Sunshine Becomes You

Resensi Film: Sunshine Becomes You (2015)

Buat review film indonesia, harus menurunkan standar. Tapi tetap saja, kalau mau dinilai jujur, “Sunshine Becomes You” ini durasi filmnya kelamaan, dialognya kepanjangan, editing filmnya maksa, dan castingnya parah.
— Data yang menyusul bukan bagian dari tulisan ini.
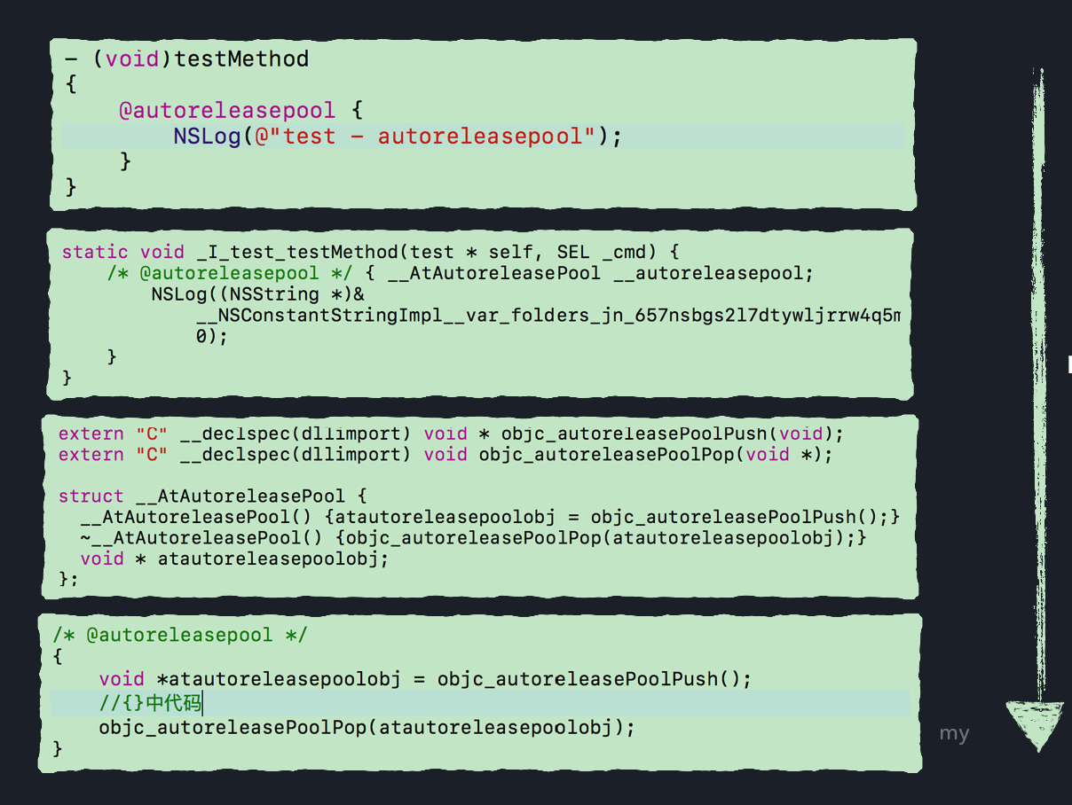 runloop后自动生成NSAutoreleasePool接受对象,当当前runloop迭代结束时,释放该pool. enumerateObjectUsingBlock:,系统在这类快速遍历方法中会自动添加autoreleasepool.

Ceritanya sendiri diadaptasi dari novel Ilana Tan berjudul sama. Setting lokasi di New York, diceritakan Ray Hirano (Boy William), seorang dancer keturunan Indonesia-Jepang sedang naksir Mia Clark (Nabila JKT48), anak adopsi dari pasangan Indonesia-Amerika. Tak sengaja, Mia justru menabrak Alex Hirano (Herjunot Ali), kakak dari Ray yang terkenal killer dan perfeksionis, dan mematahkan tangannya (tapi di dalam salah satu dialog sempat terucap “terkilir” — entah yang mana yang benar, Pak Sutradara?); padahal Alex adalah seorang pianis kelas dunia. Mia merasa harus bertanggung-jawab dan menjadi asisten Alex yang mengurus semua kebutuhan. Lanjutannya? Bisa ditebak, terjadi love-triangle.
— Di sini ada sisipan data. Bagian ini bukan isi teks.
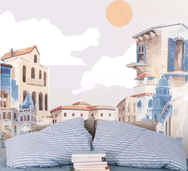 Oplev det charmende bylandskab med vores Wallsticker dyr, hvor grafisk design møder skønhed. Dette fantastiske produkt indeholder en fortryllende skildring af en by og en landsby med smukke bygninger og et maleri i akvarelstil. De varme toner, der omfavner solens lys, fremhæver den unikke arkitektur og det betagende bybillede, der vil berige dit hjem med liv og farve. Det er en perfekt kombination af blå nuancer og varme toner, der skaber en indbydende atmosfære!
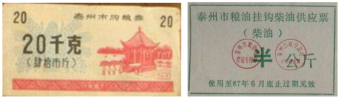 (2015·江苏泰州·41)活动课上,小向同学们展示了两张泰州市1987年发行的购粮券和柴油供应票(见下图)并配上了说明文字,其中表述错误的是( )

Ternyata kisah pasangan yang dipisahkan oleh maut, karena salah satunya sakit; masih menjadi cerita yang laris untuk terus dijadikan bahan. Kali ini, Mia yang top dancer lulusan Julliard, mengidap sakit jantung; dan tentu saja pada akhirnya mati; meninggalkan Alex yang menulis lagu untuk Mia.
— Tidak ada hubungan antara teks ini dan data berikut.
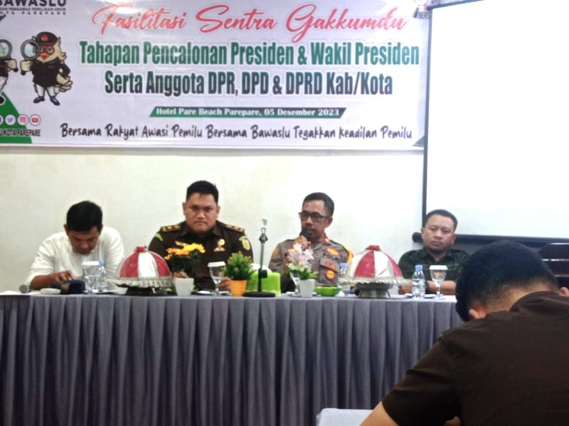 PAREPARE (Rilis.News)– Satukan persepsi dan konsistensi mengawal dan mengamankan pemilu 2024, Kapolres Parepare mengutus Waka Polres Parepare Kompol Muttalib menghadiri kegiatan Fasilitasi Sentra Gakkumdu Tahapan Pencalonan Presiden dan Wakil Presiden Serta Anggota DPR, DPD dan DPRD Kab / Kita yang di selenggarakan oleh Bawaslu Kota Parepare di salah satu hotel yang terletak di di Jl. Mattirotasi, Kota Parepare. Selasa (5/12/2023) pagi.

Secara segi cerita, layaknya novel-novel drama picisan, sudah pasti ceritanya mudah ditebak. Tapi novel Ilana Tan mungkin memiliki kekuatan karena “untuk dibaca”, sementara dalam film ini, naskahnya menjadi terlalu membosankan karena bertele-tele. Belum lagi karena para pemerannya seperti sedang memuntahkan hafalan mereka dalam kalimat-kalimat panjang. Tidak dibantu juga dengan editing film yang maksa, berusaha keras meyakinkan penonton bahwa semuanya terjadi di New York. Juga adegan bermain piano, semuanya pasti tahu kalau Herjunot Ali tidak benar-benar bermain piano, apalagi ada sound yang berbeda dari apa yang kelihatan di layar. Belum lagi tiap scene yang seharusnya romantis, tapi malah menjadi monoton.
Yang paling parah dari semuanya justru adalah casting pemeran wanita. Jika kita bicara tentang dancer, apalagi lulusan terbaik dari Julliard, sudah pasti bisa dibayangkan kalau ia adalah wanita yang pasti berlatih setiap saat setiap waktu; dan memiliki postur tubuh seorang penari. Well, bukan menghina Nabilah JKT48, karena pasti ia sudah berusaha keras, tapi jelas ia secara fisik tidak cocok memerankan tokoh tsb; jadi salah siapa? Mungkin ia akan bagus memerankan tokoh lain, tapi tidak sebagai penari profesional. Bahkan tariannya tidak cukup bagus. Sorry to say, saya sudah pernah melihat banyak penari Indonesia yang menari JAUH lebih bagus daripada di film ini (yang katanya lulusan Juliard). Menurut saya, jika ingin membuat film yang tokohnya adalah seniman (penari, pemusik, pelukis, dsb); seharusnya cast juga dipilih yang benar-benar MAMPU berakting sesuai tuntutan. Termasuk yang editing video-sound, harus PAHAM tuts apa yang bunyi jika dipencet di piano.